***** Information shown

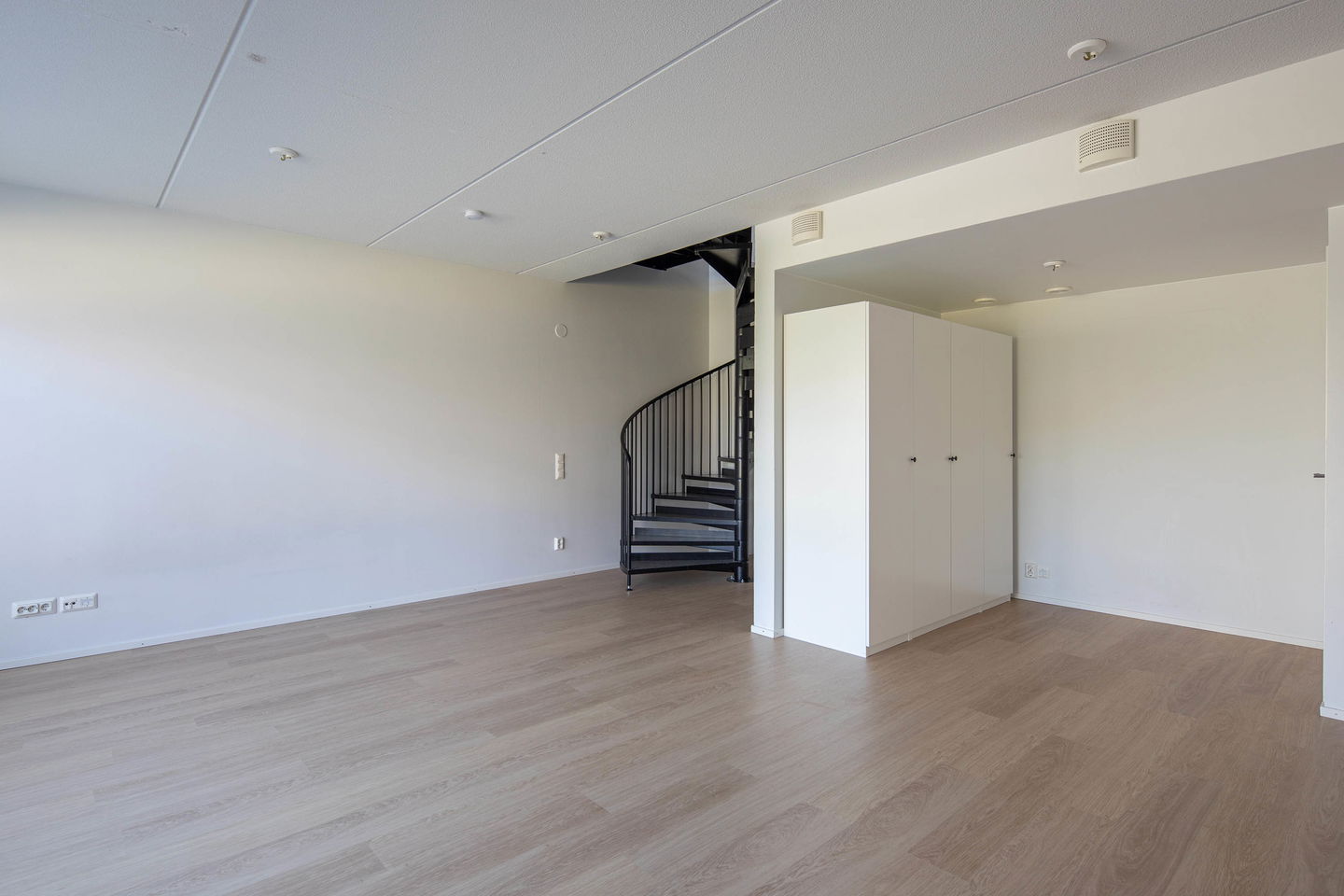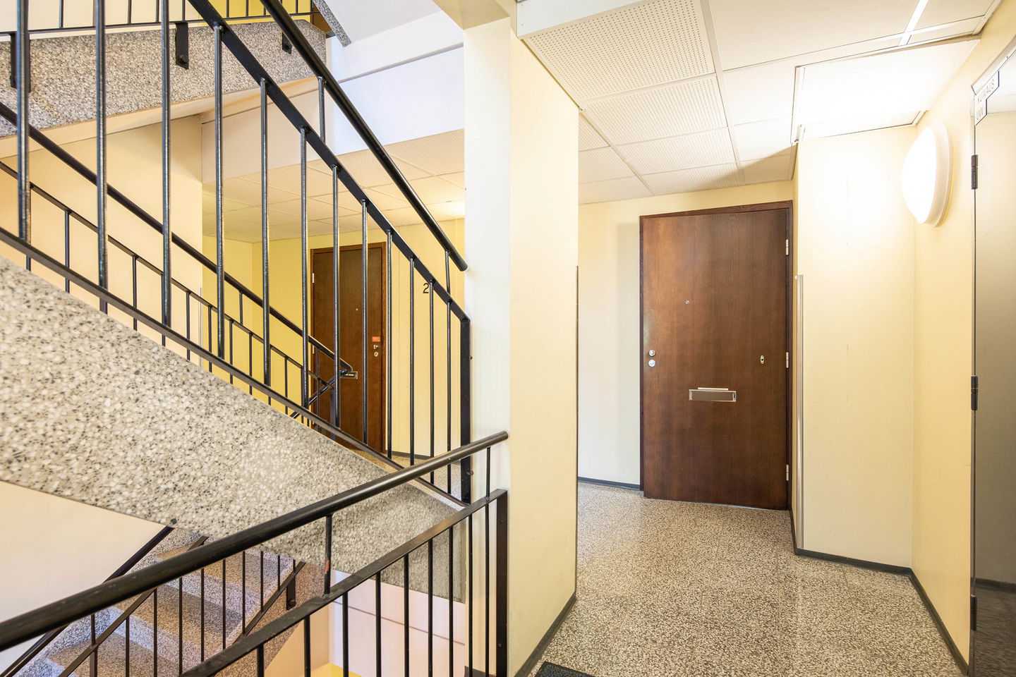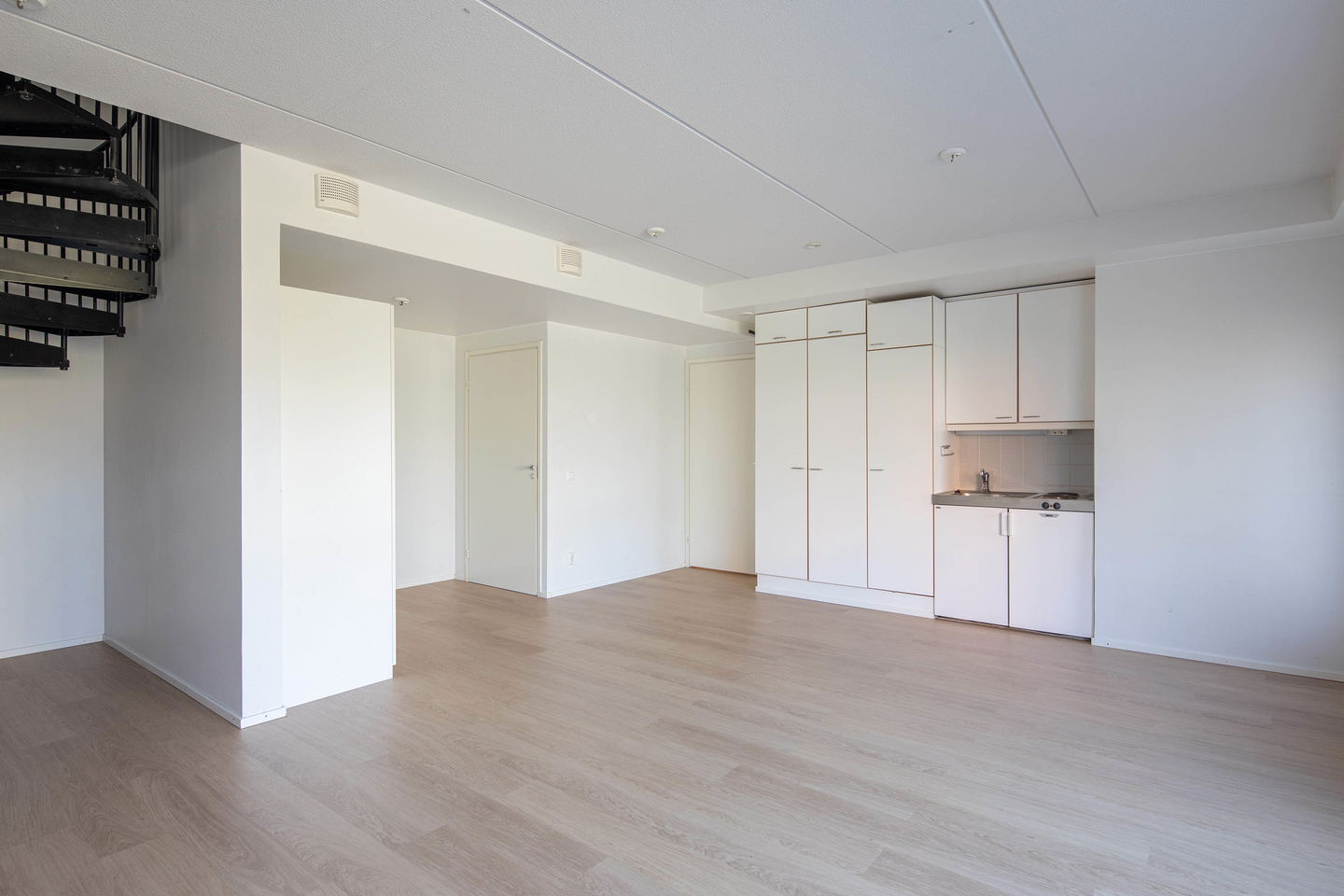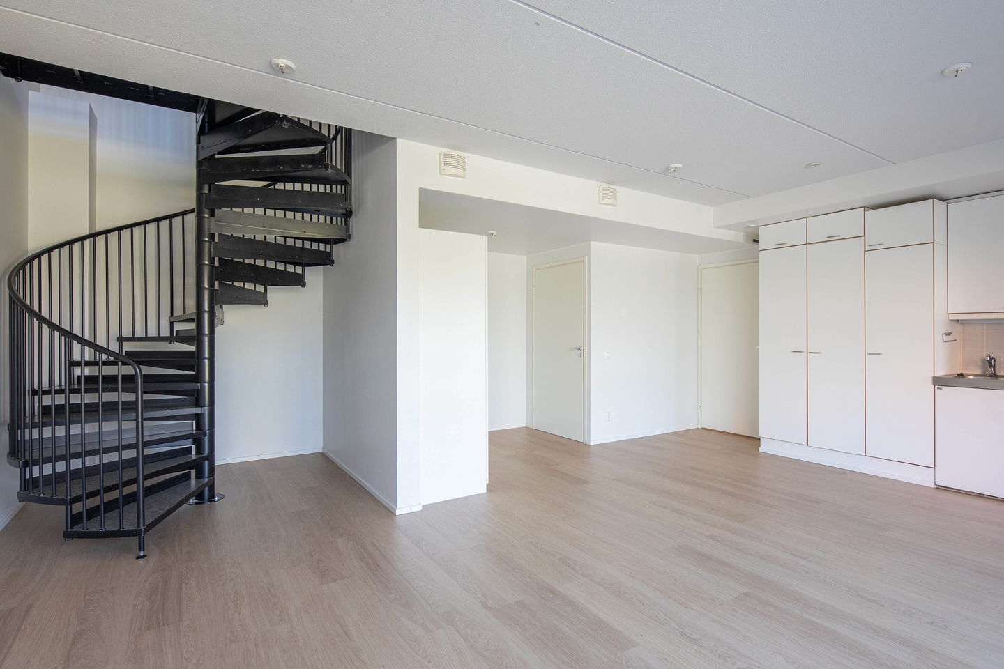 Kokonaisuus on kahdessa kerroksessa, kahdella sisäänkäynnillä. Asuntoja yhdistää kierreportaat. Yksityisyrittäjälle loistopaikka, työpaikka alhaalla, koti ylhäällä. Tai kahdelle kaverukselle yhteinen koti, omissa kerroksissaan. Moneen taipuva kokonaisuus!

**********
***** Information shown

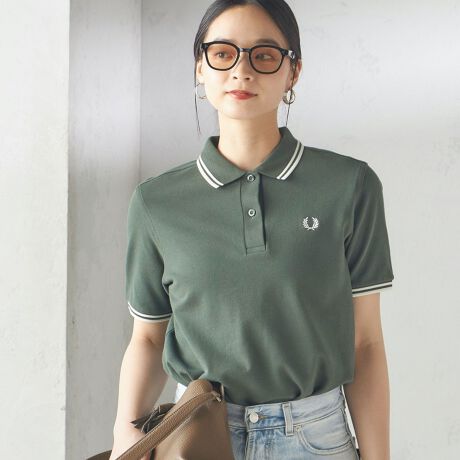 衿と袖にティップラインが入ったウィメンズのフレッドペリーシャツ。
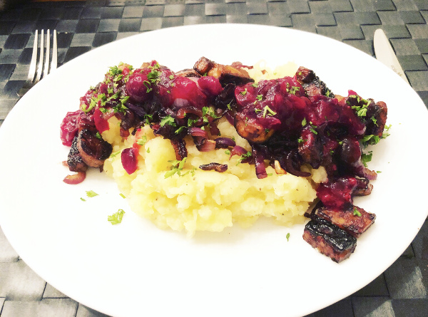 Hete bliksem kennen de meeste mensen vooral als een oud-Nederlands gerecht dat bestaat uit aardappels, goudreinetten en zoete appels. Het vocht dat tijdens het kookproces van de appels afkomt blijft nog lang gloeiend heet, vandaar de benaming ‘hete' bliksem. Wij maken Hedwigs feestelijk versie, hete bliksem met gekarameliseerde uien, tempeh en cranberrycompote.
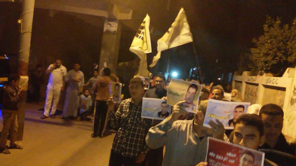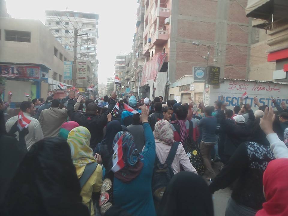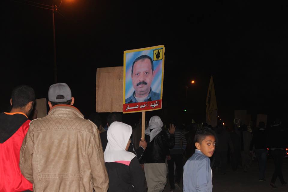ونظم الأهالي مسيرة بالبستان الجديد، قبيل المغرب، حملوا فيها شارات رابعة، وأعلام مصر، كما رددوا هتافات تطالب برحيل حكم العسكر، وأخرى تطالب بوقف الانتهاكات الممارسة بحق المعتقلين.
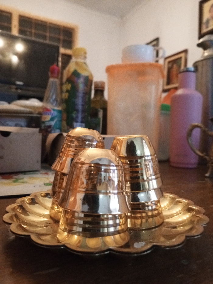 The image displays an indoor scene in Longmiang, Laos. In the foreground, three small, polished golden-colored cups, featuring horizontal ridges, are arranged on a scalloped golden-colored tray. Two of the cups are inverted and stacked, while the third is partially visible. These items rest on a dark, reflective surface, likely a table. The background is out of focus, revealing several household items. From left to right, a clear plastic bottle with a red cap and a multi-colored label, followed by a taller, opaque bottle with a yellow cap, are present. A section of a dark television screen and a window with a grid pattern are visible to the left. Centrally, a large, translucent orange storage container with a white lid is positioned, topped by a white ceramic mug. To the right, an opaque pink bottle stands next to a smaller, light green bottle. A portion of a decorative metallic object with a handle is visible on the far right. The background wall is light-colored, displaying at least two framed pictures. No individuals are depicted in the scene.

**********

§ **What to produce**
Extract from the material above the stretch running from the line containing "ونظم الأهالي مسيرة" through the line containing "The image displays". Keep the text exact and the pictures out.

§ **Completed exercise**
ونظم الأهالي مسيرة بالبستان الجديد، قبيل المغرب، حملوا فيها شارات رابعة، وأعلام مصر، كما رددوا هتافات تطالب برحيل حكم العسكر، وأخرى تطالب بوقف الانتهاكات الممارسة بحق المعتقلين.
 The image displays an indoor scene in Longmiang, Laos. In the foreground, three small, polished golden-colored cups, featuring horizontal ridges, are arranged on a scalloped golden-colored tray. Two of the cups are inverted and stacked, while the third is partially visible. These items rest on a dark, reflective surface, likely a table. The background is out of focus, revealing several household items. From left to right, a clear plastic bottle with a red cap and a multi-colored label, followed by a taller, opaque bottle with a yellow cap, are present. A section of a dark television screen and a window with a grid pattern are visible to the left. Centrally, a large, translucent orange storage container with a white lid is positioned, topped by a white ceramic mug. To the right, an opaque pink bottle stands next to a smaller, light green bottle. A portion of a decorative metallic object with a handle is visible on the far right. The background wall is light-colored, displaying at least two framed pictures. No individuals are depicted in the scene.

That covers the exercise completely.